§ What the task requires: When you write out the listing below, keep each word exactly as it stands and drop the pictures.

Start of Dataset extract

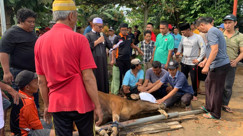 Selain sumbangan satu sapi dari Romi Haryanto, warga setempat juga menyembelih 3 ekor sapi lainnya dan 1 ekor kambing.
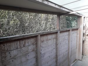Het dak was gemaakt van draadglas, de voorkant een deel gaas, al het groen erachter was de grote heg van de achterbuurman. Alles op roosters en aan de voorzijde gaas aan de onderkant waar de mest op het zand valt. Er was maar 1 probleem en dat was dat ik met de prestaties van mijn duivinnen behoorlijk afhankelijk was van de temperatuur in hun verblijf. Op de laatste foto kun je zien dat er twee luiken waren (o.a. helemaal achteraan rechts) waardoor de duivinnen naar hun doffers konden gaan. Toen speelde ik nog 1 doffer op 1 duivin.
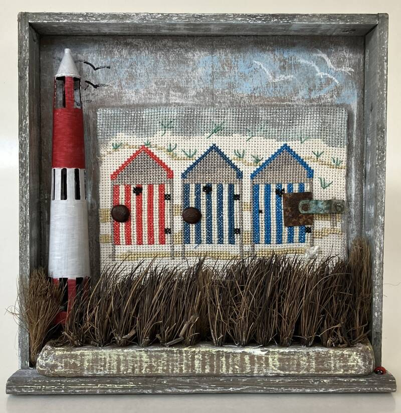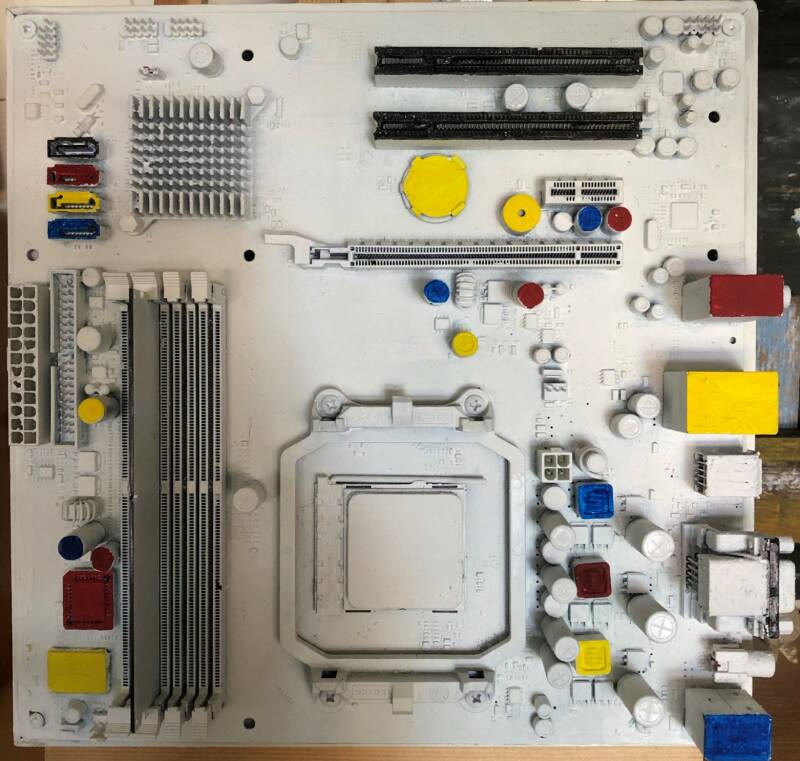 Gebruikte materialen: Beschilderde printplaatje, op kistje.
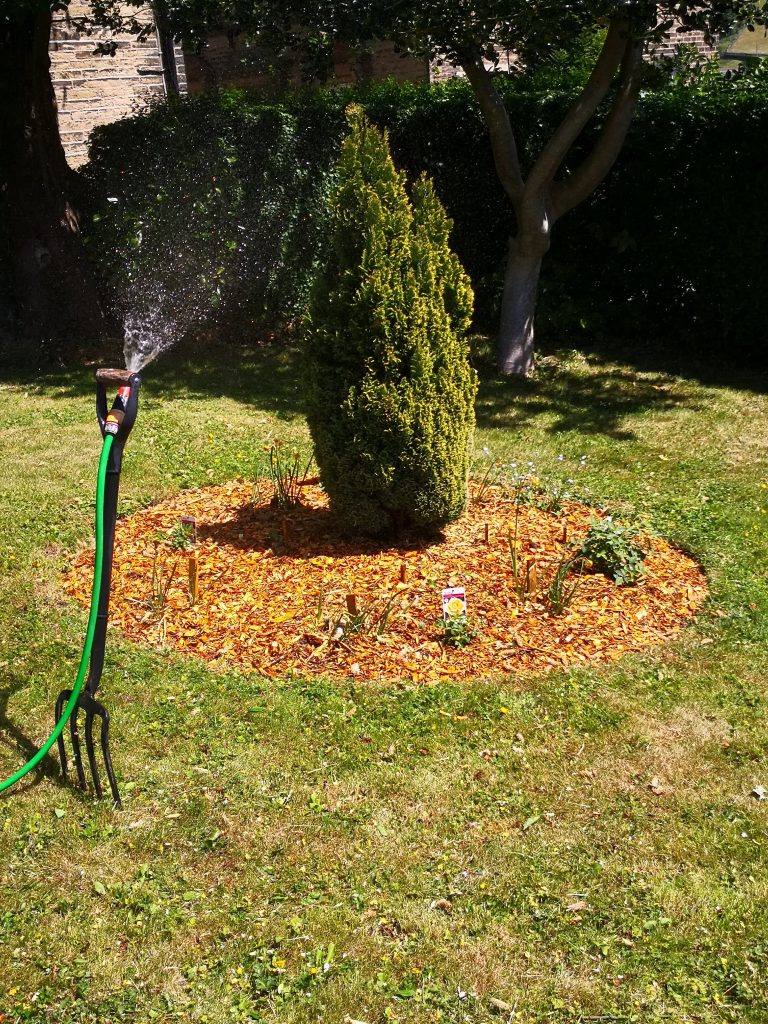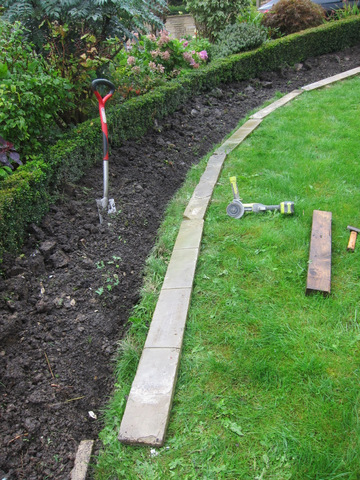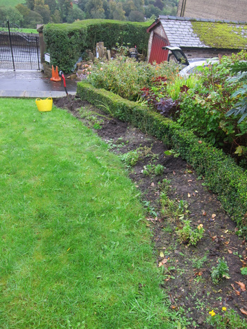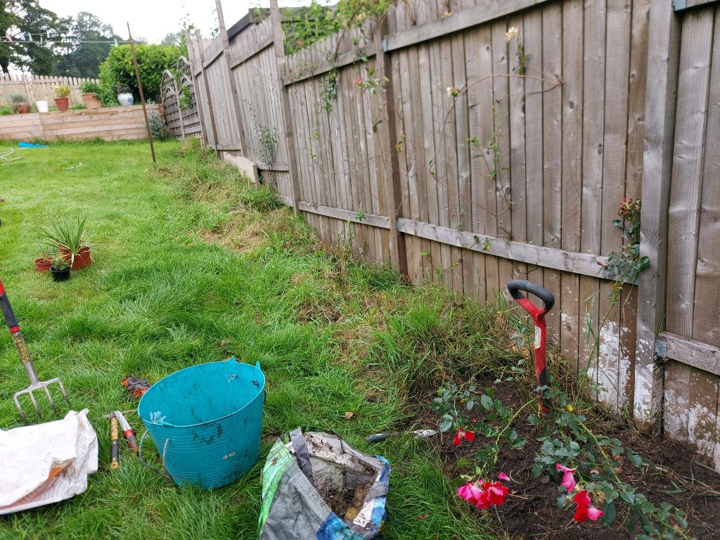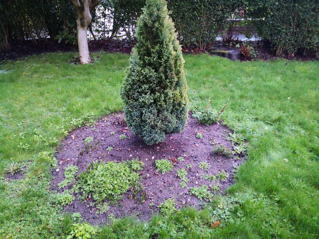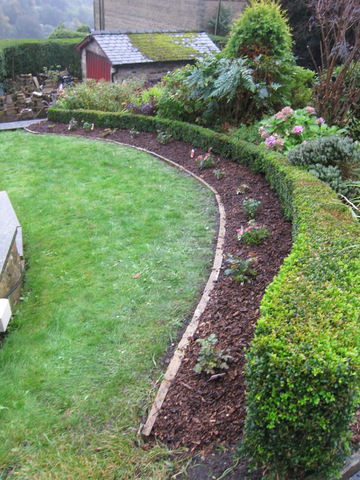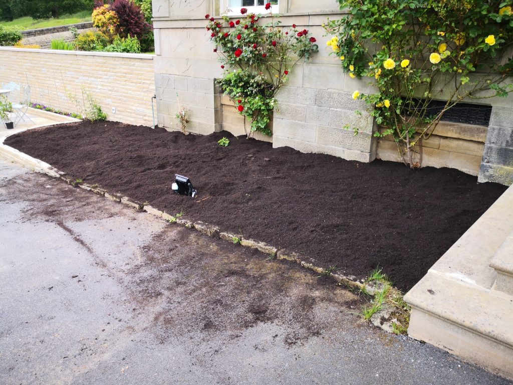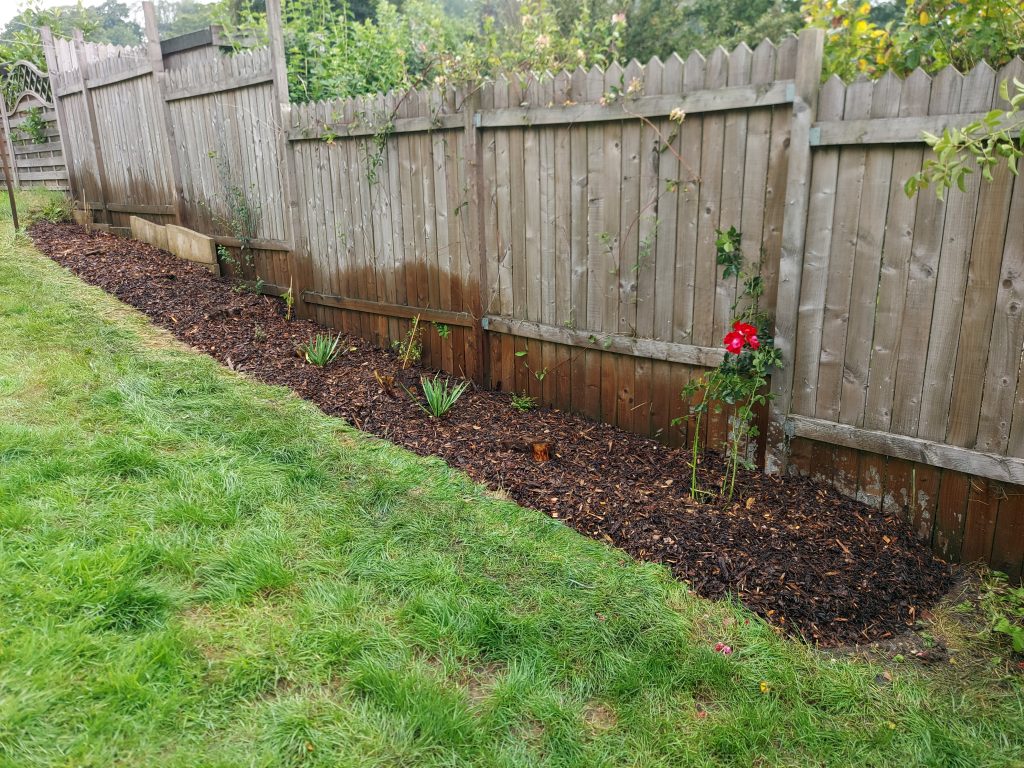 A lawn flowerbed neatened up, new roses and spring bulbs planted and a woodchip mulch applied to keep weeds down.

End of Dataset extract

§ Result of the task:
 Selain sumbangan satu sapi dari Romi Haryanto, warga setempat juga menyembelih 3 ekor sapi lainnya dan 1 ekor kambing.
Het dak was gemaakt van draadglas, de voorkant een deel gaas, al het groen erachter was de grote heg van de achterbuurman. Alles op roosters en aan de voorzijde gaas aan de onderkant waar de mest op het zand valt. Er was maar 1 probleem en dat was dat ik met de prestaties van mijn duivinnen behoorlijk afhankelijk was van de temperatuur in hun verblijf. Op de laatste foto kun je zien dat er twee luiken waren (o.a. helemaal achteraan rechts) waardoor de duivinnen naar hun doffers konden gaan. Toen speelde ik nog 1 doffer op 1 duivin.
 Gebruikte materialen: Beschilderde printplaatje, op kistje.
 A lawn flowerbed neatened up, new roses and spring bulbs planted and a woodchip mulch applied to keep weeds down.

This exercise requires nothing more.